(Exercise objective): Without any pictures, print the lines below from the one that has "Vintage Inlaid Sapphire" through the one that has "Set of five", exactly and nothing else.

(Excerpted data):
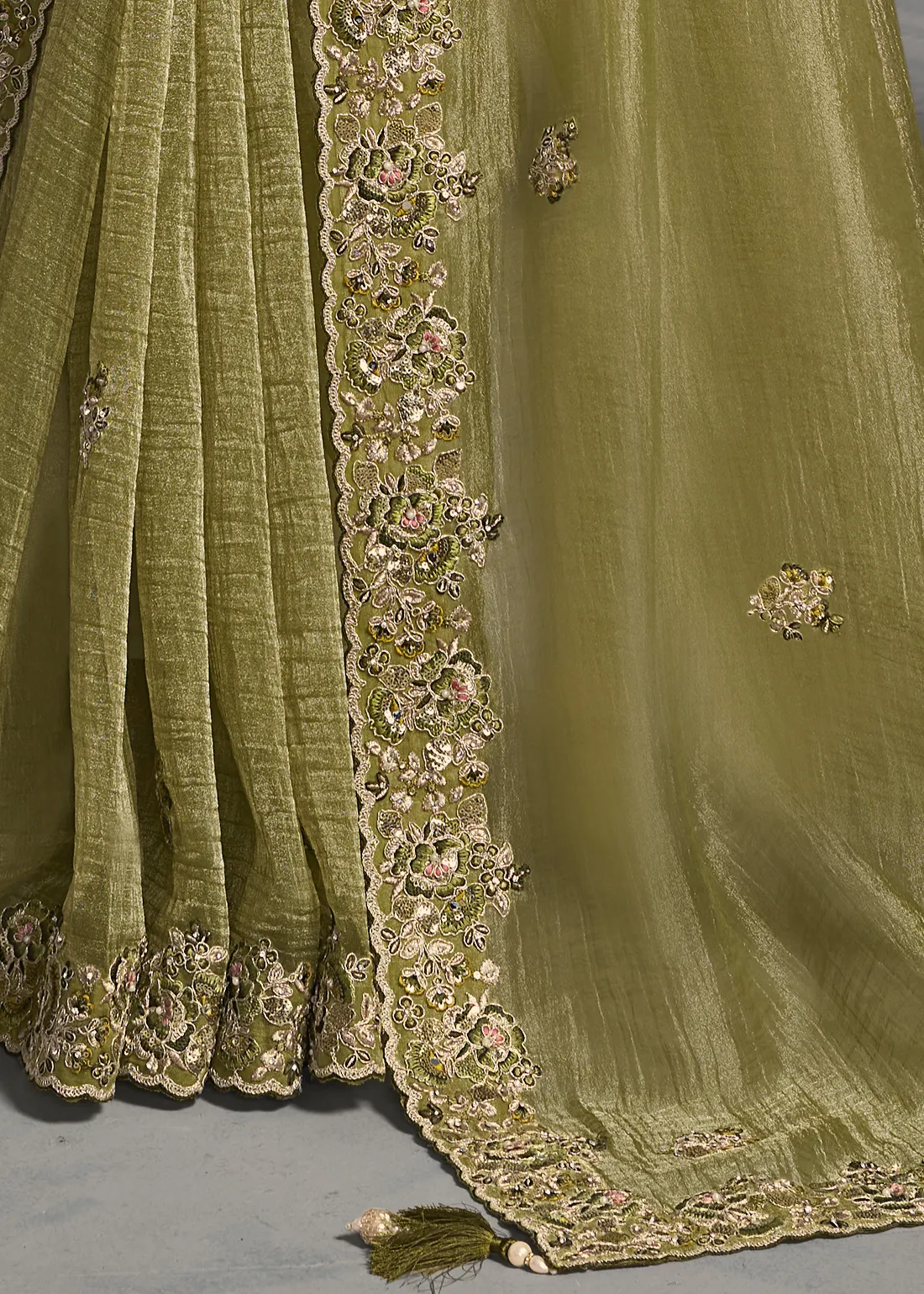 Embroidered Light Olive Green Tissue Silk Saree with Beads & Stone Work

...

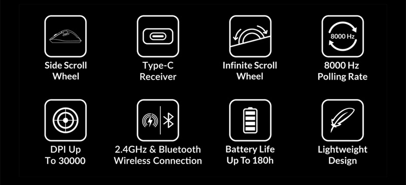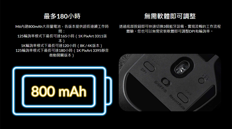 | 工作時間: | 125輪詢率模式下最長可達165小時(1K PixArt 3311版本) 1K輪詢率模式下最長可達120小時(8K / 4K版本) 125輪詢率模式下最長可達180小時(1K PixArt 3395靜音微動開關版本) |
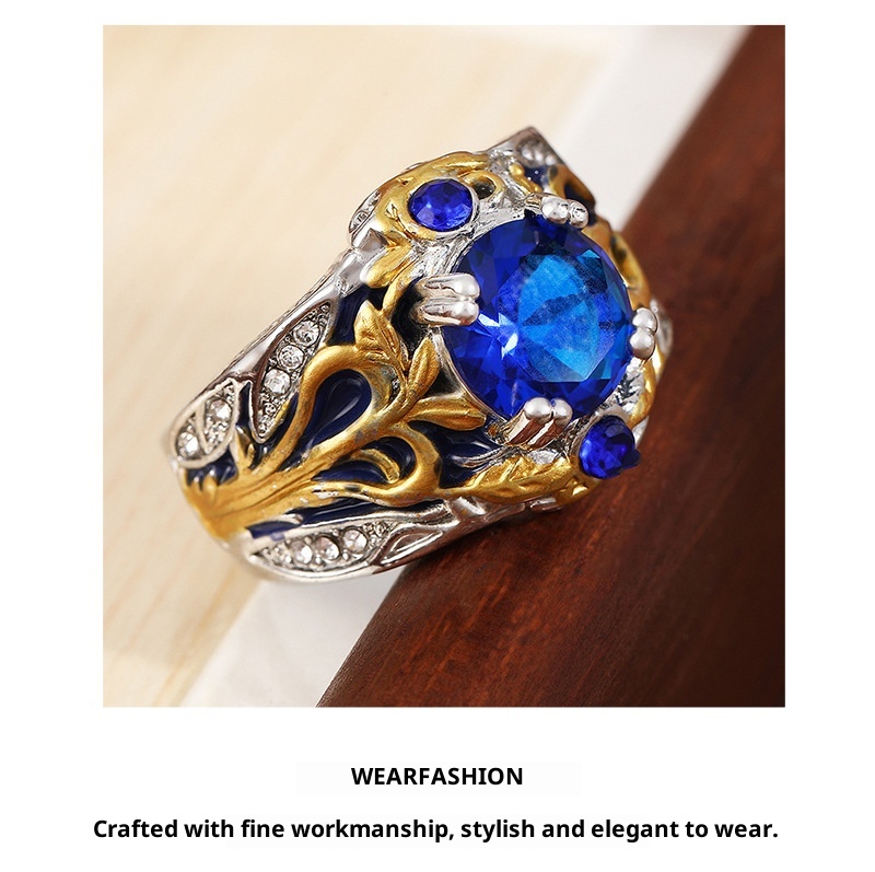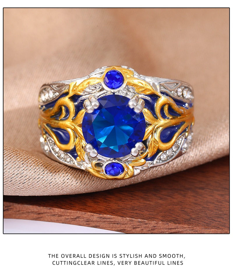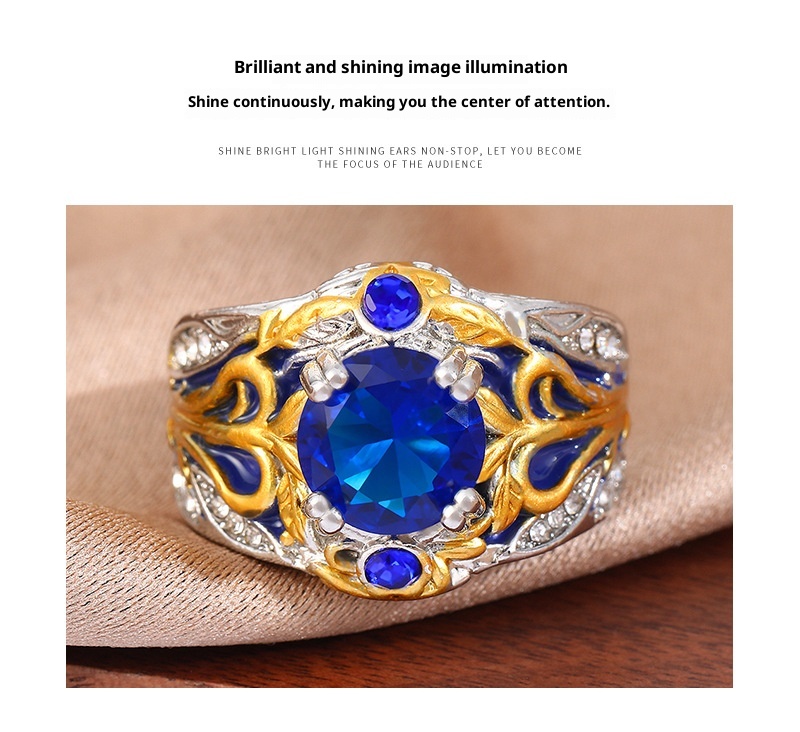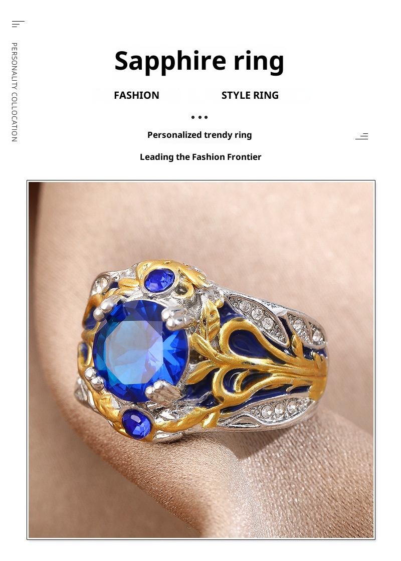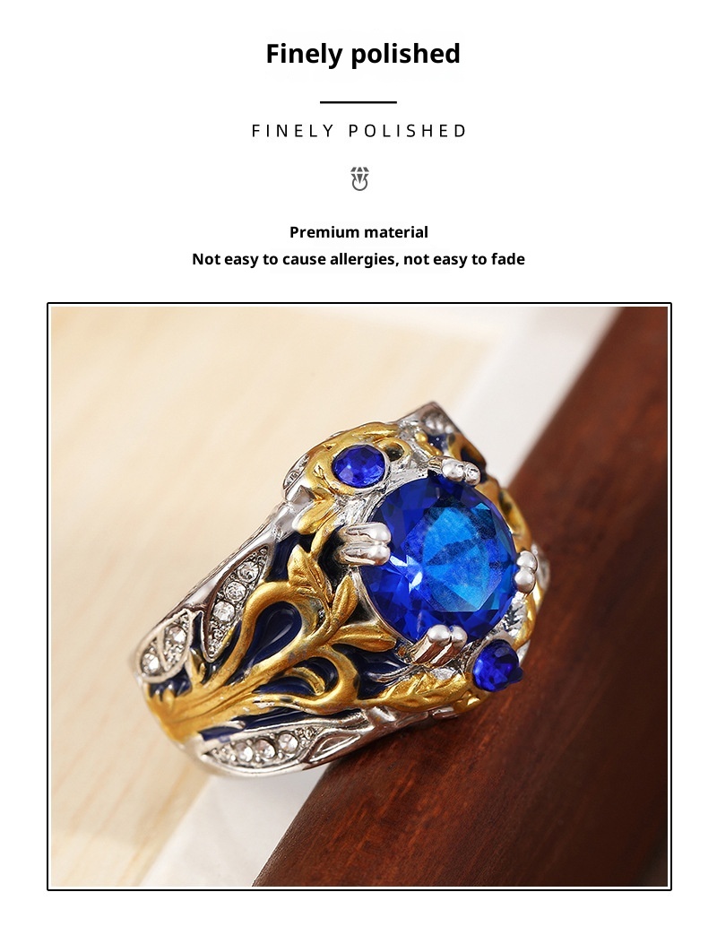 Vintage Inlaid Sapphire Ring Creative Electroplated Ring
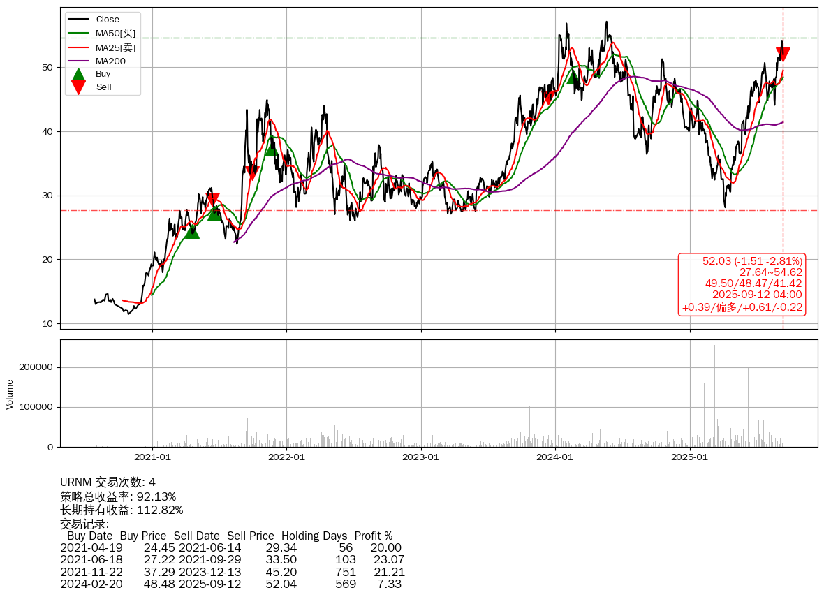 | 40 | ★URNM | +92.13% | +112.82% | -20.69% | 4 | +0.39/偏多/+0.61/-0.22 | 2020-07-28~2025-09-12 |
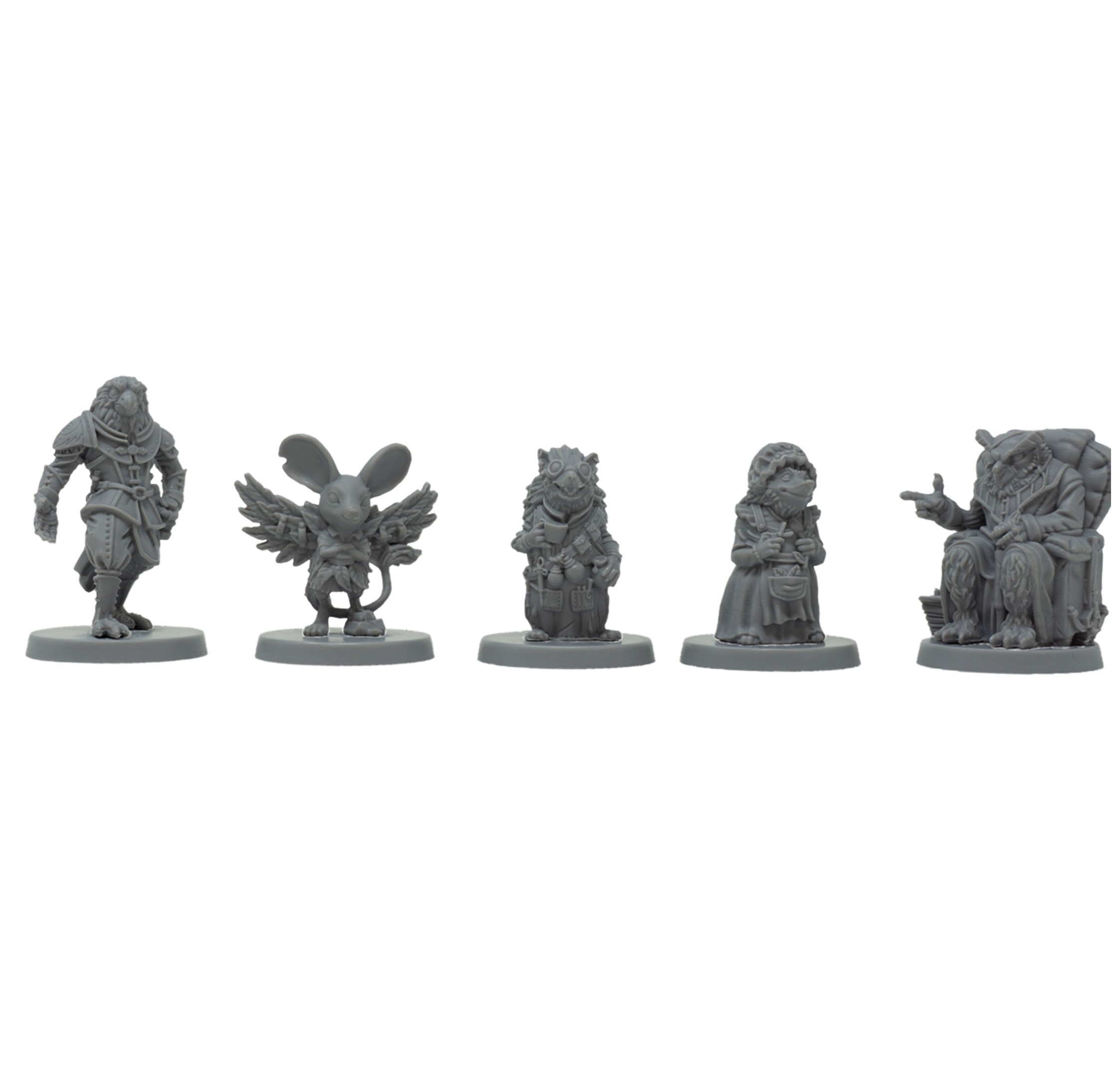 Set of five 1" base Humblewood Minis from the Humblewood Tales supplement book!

==

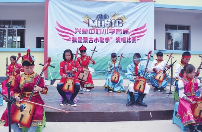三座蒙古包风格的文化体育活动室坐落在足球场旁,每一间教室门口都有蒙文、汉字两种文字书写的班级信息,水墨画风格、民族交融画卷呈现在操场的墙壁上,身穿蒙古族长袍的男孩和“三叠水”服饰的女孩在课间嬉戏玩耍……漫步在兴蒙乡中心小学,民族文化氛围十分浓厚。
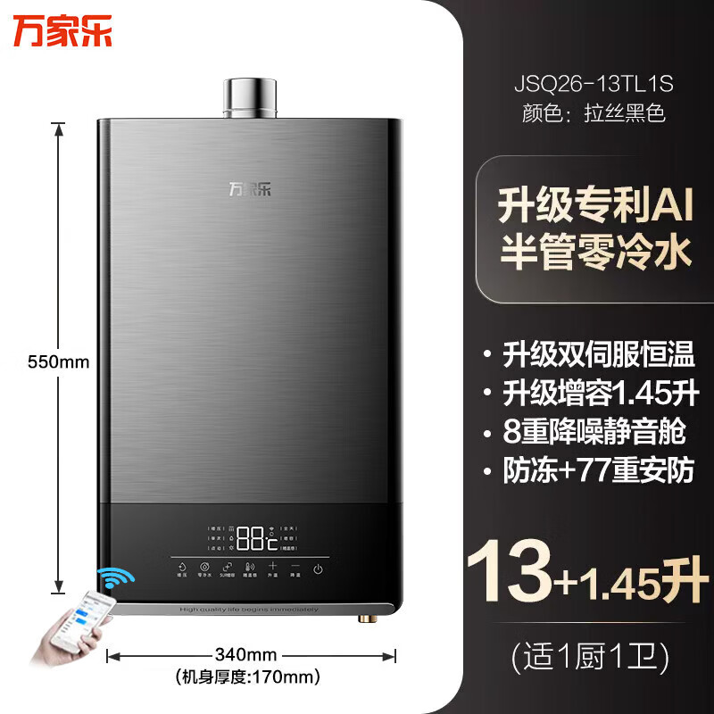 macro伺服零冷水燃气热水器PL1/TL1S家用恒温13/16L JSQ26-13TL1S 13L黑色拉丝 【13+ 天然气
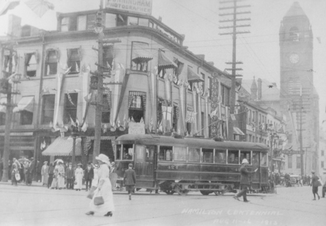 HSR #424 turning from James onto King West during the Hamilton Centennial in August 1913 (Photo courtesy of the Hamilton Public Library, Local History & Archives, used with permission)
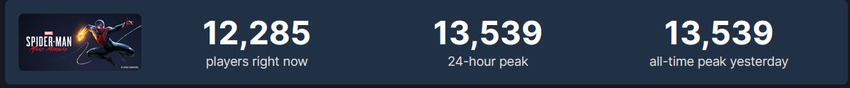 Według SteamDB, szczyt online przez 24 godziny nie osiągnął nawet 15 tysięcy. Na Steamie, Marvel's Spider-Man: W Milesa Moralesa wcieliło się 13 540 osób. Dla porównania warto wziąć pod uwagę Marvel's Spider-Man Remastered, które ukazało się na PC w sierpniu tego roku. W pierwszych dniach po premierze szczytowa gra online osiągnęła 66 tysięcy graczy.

(Task answer):
 Vintage Inlaid Sapphire Ring Creative Electroplated Ring
 | 40 | ★URNM | +92.13% | +112.82% | -20.69% | 4 | +0.39/偏多/+0.61/-0.22 | 2020-07-28~2025-09-12 |
 Set of five 1" base Humblewood Minis from the Humblewood Tales supplement book!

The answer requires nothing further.